Oh no, I hope everything will be ok! Post when you get back from the vet!


----------



## Sugapot (Mar 3, 2013)

Wow! Really that fast? I hope everything is ok!


----------



## ratclaws (Nov 11, 2012)

So, I have some pictures I just took. It's increased in size since last night (so over a few hours) and I can't find any visible red mark to indicate neck trauma or any whiteness on the surface to indicate it's an abcess or cyst, so I'm going with lymphoma as it's swollen up so suddenly. I can't get her to the vets til tonight as I can't drive and have no other way of getting there; I'm in my home city for the last week of Easter and back at my home home not uni house where my regular vet is a 5 minute walk from... and to make matters worse I only came home 2 days ago, what luck. Here are the pictures anyway and I'll let you know what the vet says later, I'm assuming he'll have a feel and probably prescribe me some Baytril, hopefully her gland will go down in the next few days!

View attachment 28762
View attachment 28770
View attachment 28778
View attachment 28786


----------



## alexn (Sep 30, 2012)

With the speed of growth, I would say that it's most likely fluid, maybe she got something stuck in her throat, and her body's compensating in that should-be-awesome-but-in-reality-is-just-annoying way that only organisms can do. 

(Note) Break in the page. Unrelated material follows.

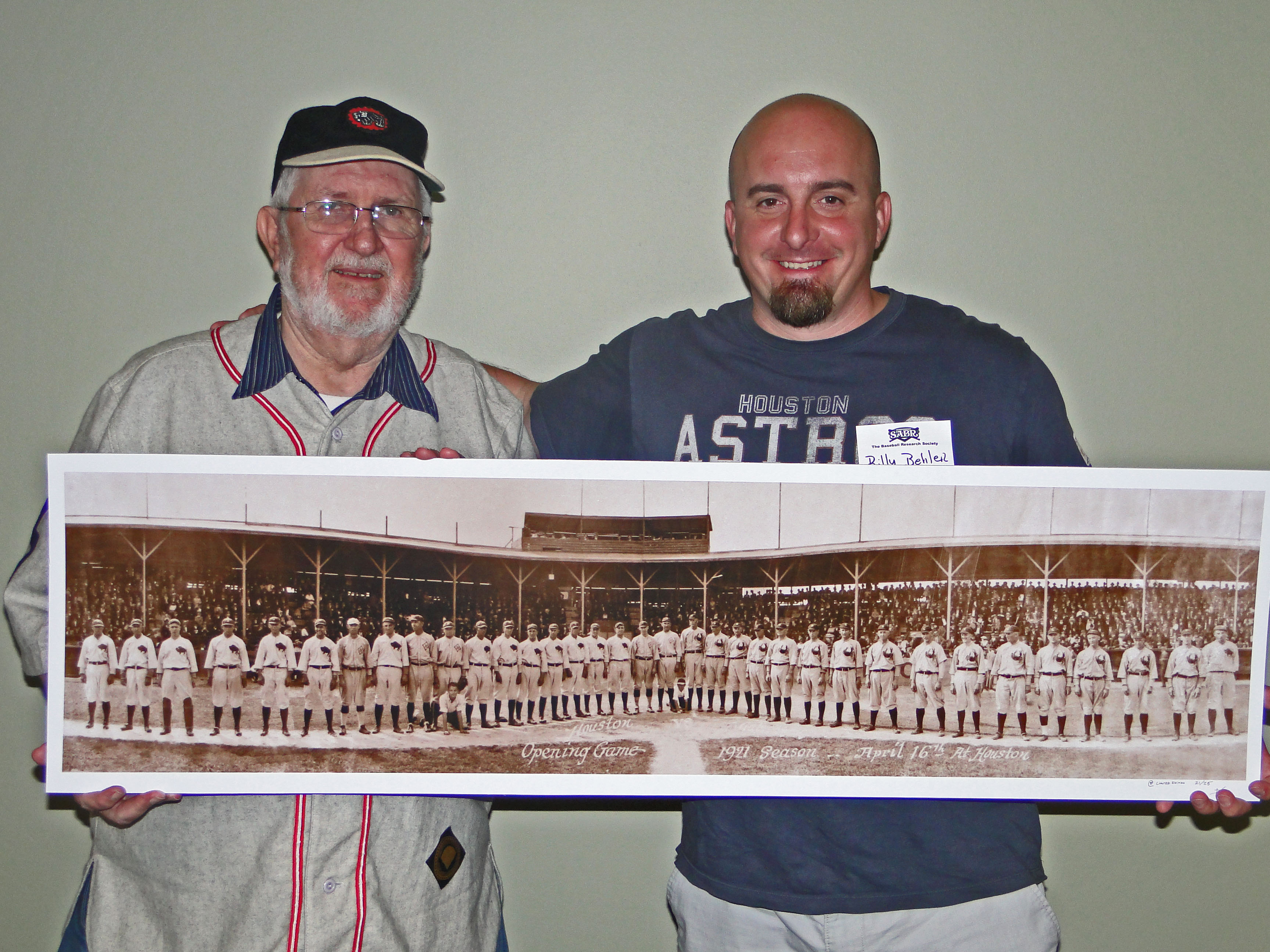 That’s me (L) with Billy Behler and the beautiful 1921 panorama of Opening Day at West End Park in Houston between the Houston Buffaloes and the Galveston Sand Crabs.

However, that's based on nothing but the speed of growth. Don't take it as fact, as I fully expect to be wrong; but hopefully that's all it is. Antibiotics or a quick lance should hopefully work if so 

Sent from Petguide.com Free App


----------



## ratclaws (Nov 11, 2012)

I really hope so, I mean it feels firm so it's likely not an abscess cause they're meant to be soft and squidgy. It just feels like one of her glands has gone super swollen, I don't know. I have a vet appointment at 6 so we shall see, hopefully some Baytril should make it go down if it's some kind of virus making her ill. None of my other rats are affected however so hmmmmm...


----------



## ratclaws (Nov 11, 2012)

So I went to the vets, and he said exactly what I suspected - either an abscess or a lymphoma based upon the rate of growth and location. I have been prescribed Baytril for her twice daily to see if the swelling reduces. If not, I'm going to have to have a sample analysed which is gonna be expensive, and if this is the case then it'll probably be a removal which will cost A LOT. Hopefully it will go down by itself with the Baytril; she just turned 4 months old so it should be very effective on her as she's never had it before of course.


----------



## Rumy91989 (Dec 31, 2012)

I can't imagine it would be lymphoma this early... I really hope the baytril comes through! Poor Ellie. Will she ever get a break?


----------



## ratclaws (Nov 11, 2012)

You'd be surprised haha, my older girl Storm got a mammary tumour at just 3 months old which is supposed to be very rare so I can't see why this would be different. I'd like it to be an abscess or cyst but as I said, there's no bite mark/scratch or anything and her cage mate is a 2 month old baby so she can't have done anything deliberately. I hope she will get a break after this is resolved, a good one! Despite all her hardships she's the tamest rat I've even seen.


----------



## Jenzie (Dec 26, 2012)

Poor girl. Hopefully the medicine works! It sucks that she'd get sick so young, but the one good thing is at least younger critters are easier to treat and bounce back better. Good luck!


----------



## joey.winston1762 (Apr 27, 2013)

Sounds like an abcess but who knows. joey just had surgery on thursday for one. luckily i used to work at the vets office and they discounted his surgery. but yeah i noticed it one day and three days later had doubled in size. came out of no where. well goodluck!


----------



## ratclaws (Nov 11, 2012)

Just realised I never updated this haha. It turned out to be an abscess and once I cleared out all the gunk she was fine; it disappeared after a week and a half and her fur is starting to really grow back now from where I shaved it off the lump. Usually abscesses go away once cleared out so I don't see why Joey would need surgery really, unless it was more of a cyst? Anyway hope he's okay!


----------



## Kirsten1303 (May 25, 2013)

That's really good news, I'm glad tour rat is better. I just hope my rat is the same as he is only 6 months and it sounds exactly like what your rat had. He's going to the vets tomorrow to get it checked out though.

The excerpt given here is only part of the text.